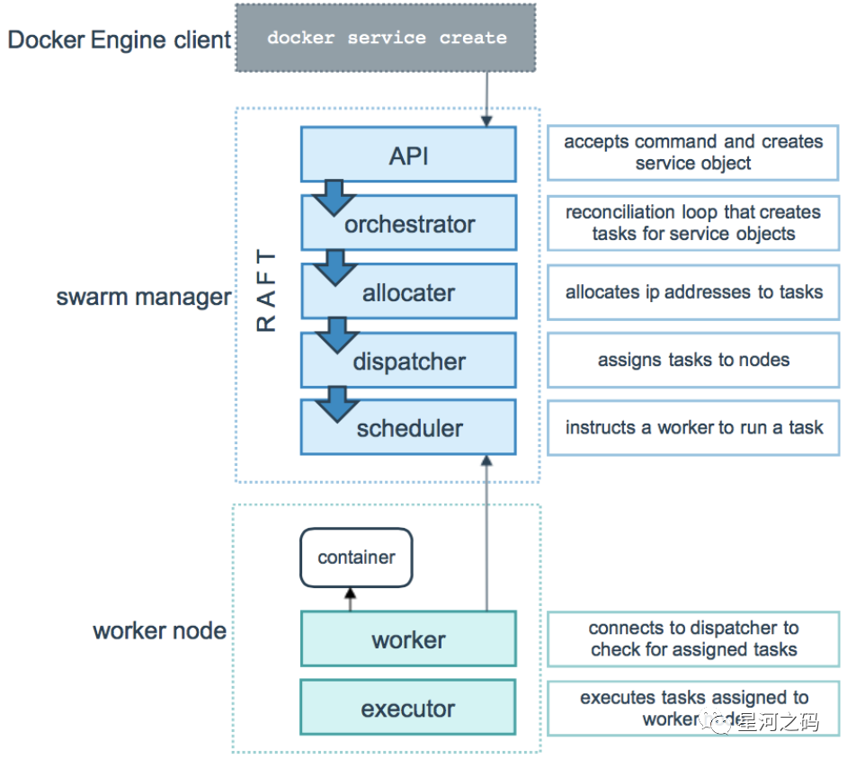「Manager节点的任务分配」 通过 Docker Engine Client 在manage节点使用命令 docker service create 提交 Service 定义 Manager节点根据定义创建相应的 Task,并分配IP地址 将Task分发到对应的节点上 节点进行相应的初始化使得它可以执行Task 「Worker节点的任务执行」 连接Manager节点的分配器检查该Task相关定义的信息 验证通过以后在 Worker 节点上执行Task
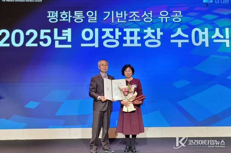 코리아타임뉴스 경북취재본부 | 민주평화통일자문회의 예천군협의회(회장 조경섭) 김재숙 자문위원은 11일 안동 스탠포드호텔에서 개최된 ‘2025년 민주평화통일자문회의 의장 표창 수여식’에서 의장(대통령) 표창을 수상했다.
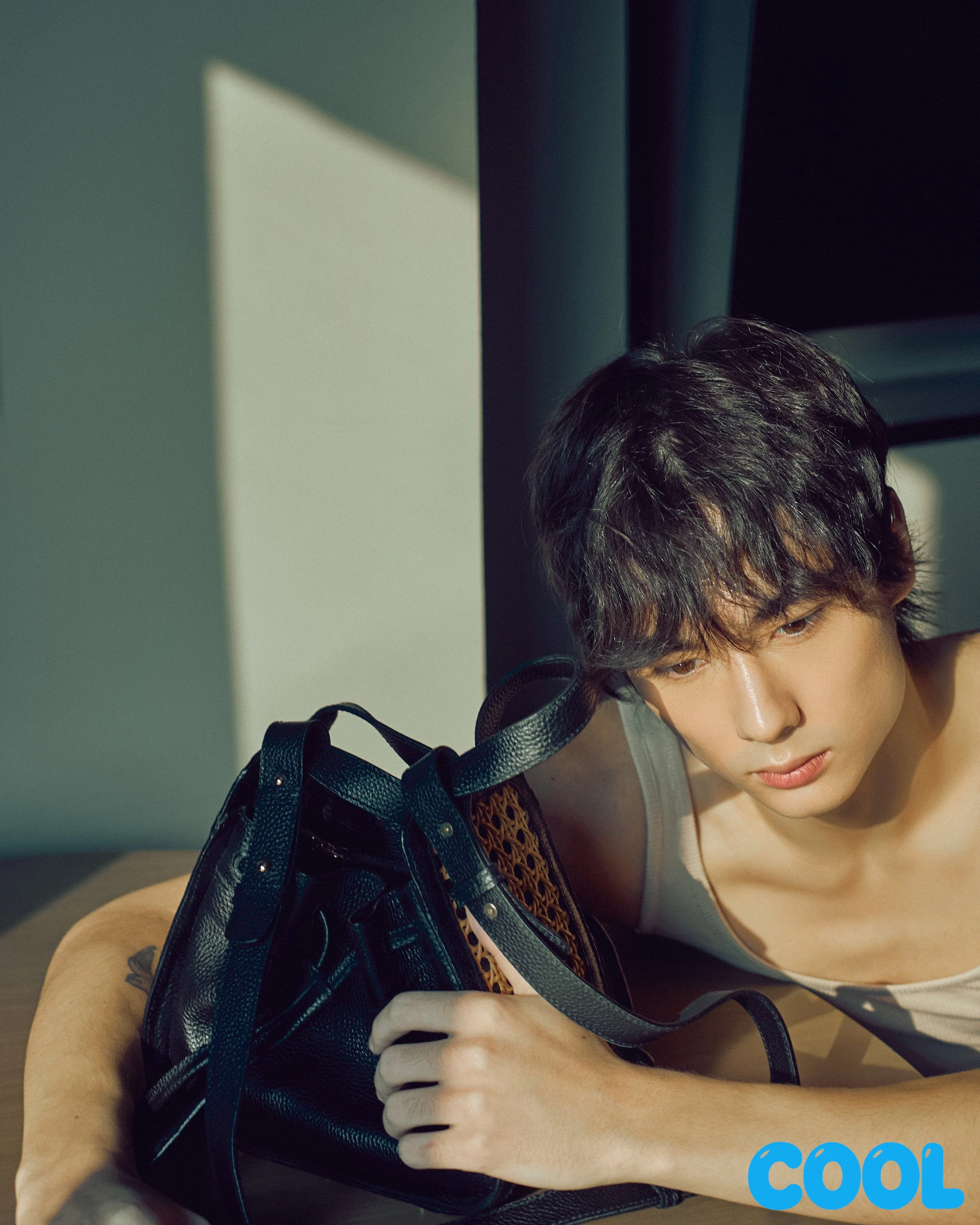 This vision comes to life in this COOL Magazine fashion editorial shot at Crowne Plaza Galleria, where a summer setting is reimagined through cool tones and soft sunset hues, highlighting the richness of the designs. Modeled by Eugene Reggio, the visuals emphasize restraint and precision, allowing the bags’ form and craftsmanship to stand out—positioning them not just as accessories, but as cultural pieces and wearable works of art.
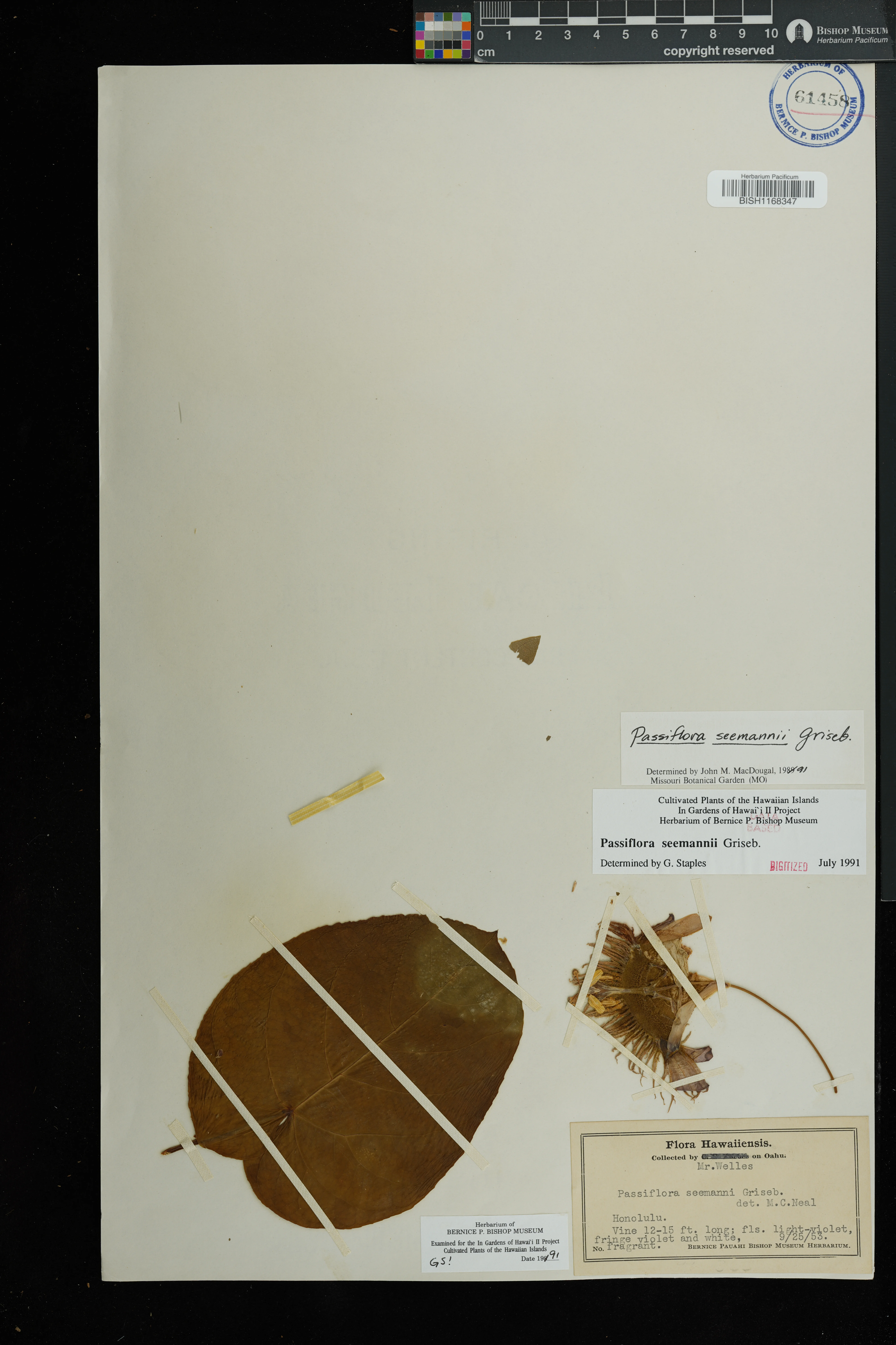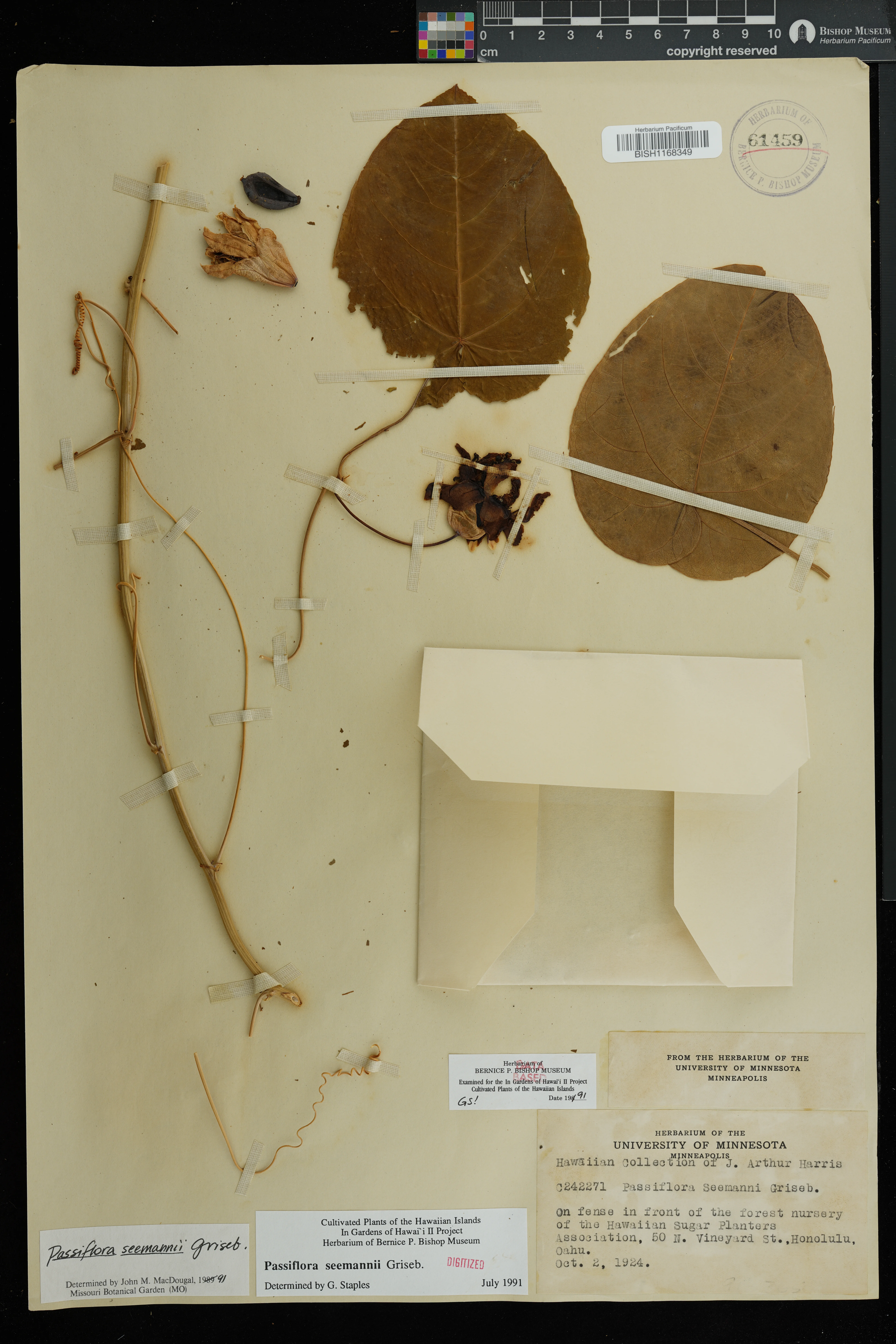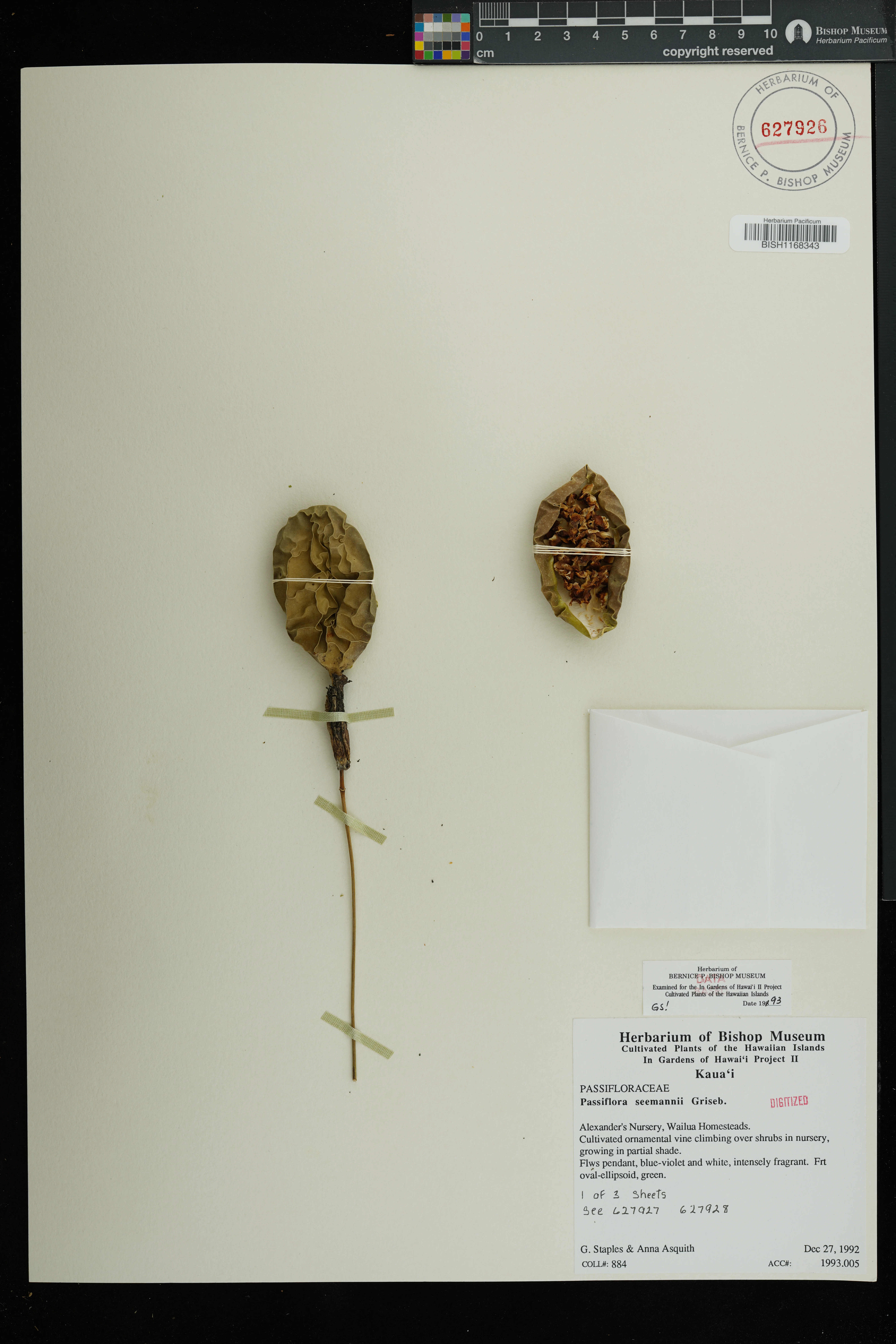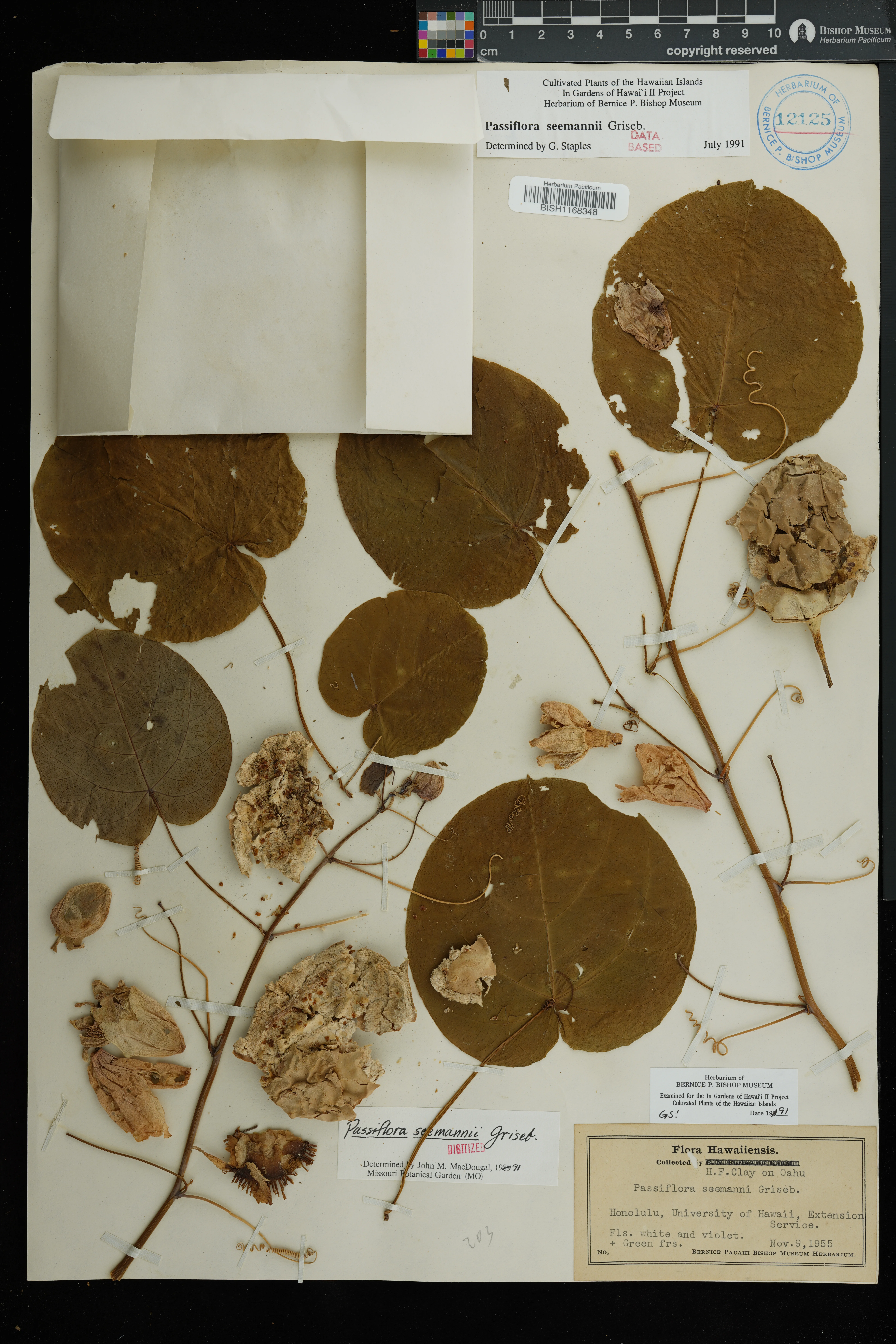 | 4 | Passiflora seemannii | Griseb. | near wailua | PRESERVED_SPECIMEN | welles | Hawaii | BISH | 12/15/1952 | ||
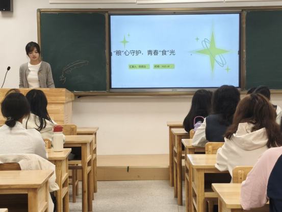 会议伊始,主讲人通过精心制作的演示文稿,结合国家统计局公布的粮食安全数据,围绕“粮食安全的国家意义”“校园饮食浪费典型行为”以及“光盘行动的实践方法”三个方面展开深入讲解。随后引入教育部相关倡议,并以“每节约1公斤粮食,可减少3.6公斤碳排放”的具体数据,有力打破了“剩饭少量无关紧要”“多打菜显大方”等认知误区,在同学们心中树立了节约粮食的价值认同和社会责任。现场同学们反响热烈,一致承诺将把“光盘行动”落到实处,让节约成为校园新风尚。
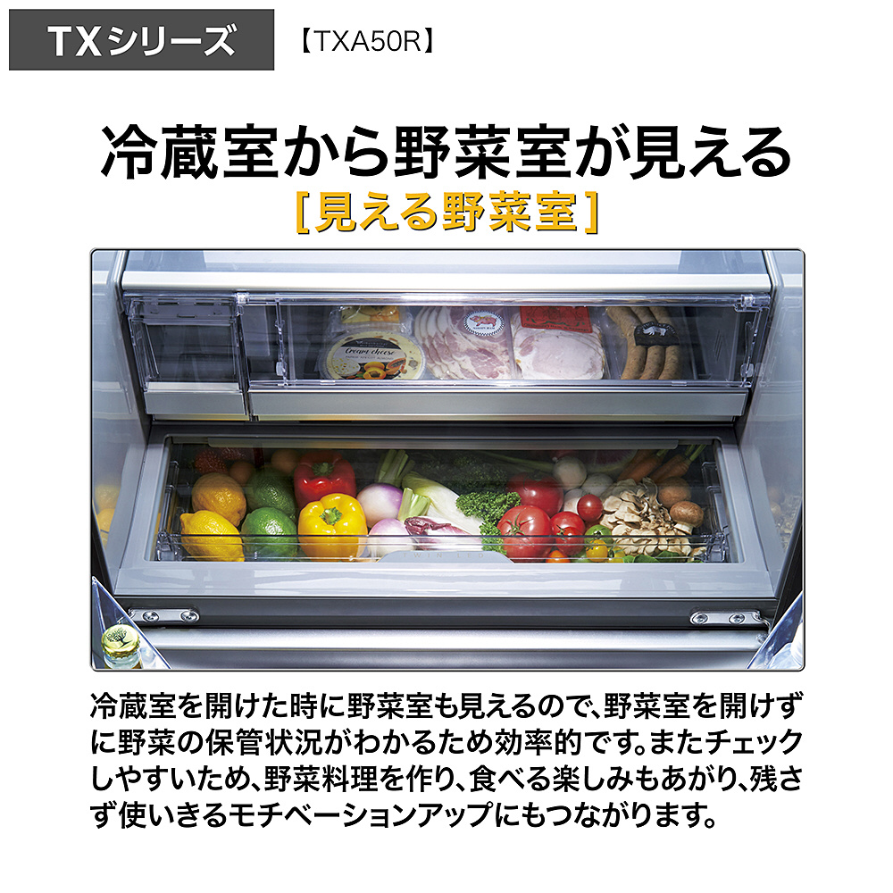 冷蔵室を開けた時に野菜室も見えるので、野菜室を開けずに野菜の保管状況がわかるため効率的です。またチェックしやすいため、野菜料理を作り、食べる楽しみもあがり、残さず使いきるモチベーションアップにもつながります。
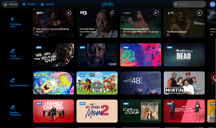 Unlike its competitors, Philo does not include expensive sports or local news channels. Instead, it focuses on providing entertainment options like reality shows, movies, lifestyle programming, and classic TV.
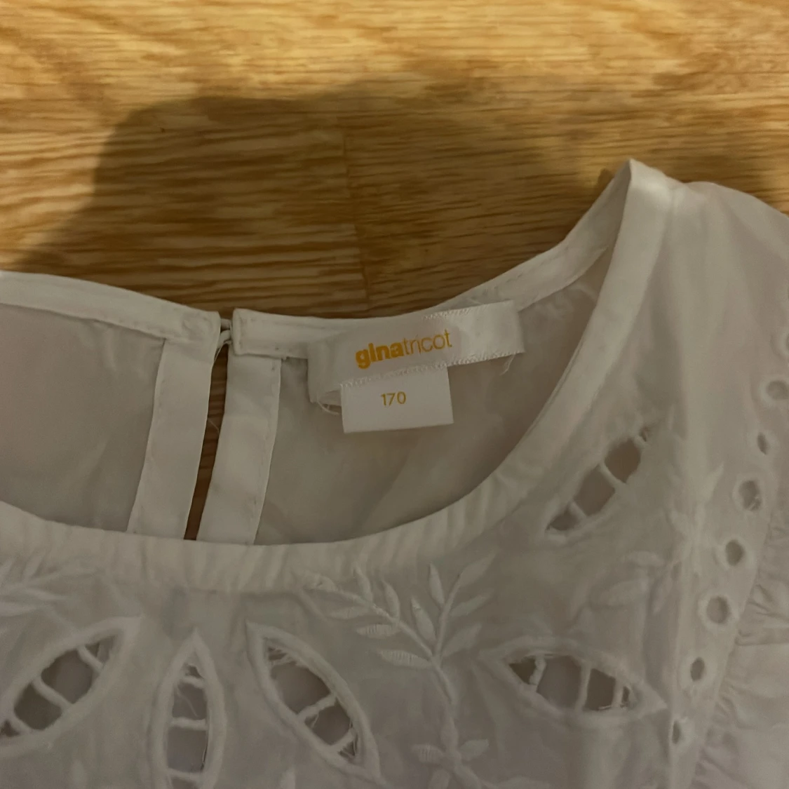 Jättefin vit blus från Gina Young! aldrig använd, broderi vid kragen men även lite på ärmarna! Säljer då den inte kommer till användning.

• Work instructions
Repeat exactly the lines from the first line of the records above through the line containing "冷蔵室を開けた時に野菜室も見", both included. Leave out the pictures.

• Answer area
「Manager节点的任务分配」 通过 Docker Engine Client 在manage节点使用命令 docker service create 提交 Service 定义 Manager节点根据定义创建相应的 Task,并分配IP地址 将Task分发到对应的节点上 节点进行相应的初始化使得它可以执行Task 「Worker节点的任务执行」 连接Manager节点的分配器检查该Task相关定义的信息 验证通过以后在 Worker 节点上执行Task
 코리아타임뉴스 경북취재본부 | 민주평화통일자문회의 예천군협의회(회장 조경섭) 김재숙 자문위원은 11일 안동 스탠포드호텔에서 개최된 ‘2025년 민주평화통일자문회의 의장 표창 수여식’에서 의장(대통령) 표창을 수상했다.
 This vision comes to life in this COOL Magazine fashion editorial shot at Crowne Plaza Galleria, where a summer setting is reimagined through cool tones and soft sunset hues, highlighting the richness of the designs. Modeled by Eugene Reggio, the visuals emphasize restraint and precision, allowing the bags’ form and craftsmanship to stand out—positioning them not just as accessories, but as cultural pieces and wearable works of art.
 | 4 | Passiflora seemannii | Griseb. | near wailua | PRESERVED_SPECIMEN | welles | Hawaii | BISH | 12/15/1952 | ||
 会议伊始,主讲人通过精心制作的演示文稿,结合国家统计局公布的粮食安全数据,围绕“粮食安全的国家意义”“校园饮食浪费典型行为”以及“光盘行动的实践方法”三个方面展开深入讲解。随后引入教育部相关倡议,并以“每节约1公斤粮食,可减少3.6公斤碳排放”的具体数据,有力打破了“剩饭少量无关紧要”“多打菜显大方”等认知误区,在同学们心中树立了节约粮食的价值认同和社会责任。现场同学们反响热烈,一致承诺将把“光盘行动”落到实处,让节约成为校园新风尚。
 冷蔵室を開けた時に野菜室も見えるので、野菜室を開けずに野菜の保管状況がわかるため効率的です。またチェックしやすいため、野菜料理を作り、食べる楽しみもあがり、残さず使いきるモチベーションアップにもつながります。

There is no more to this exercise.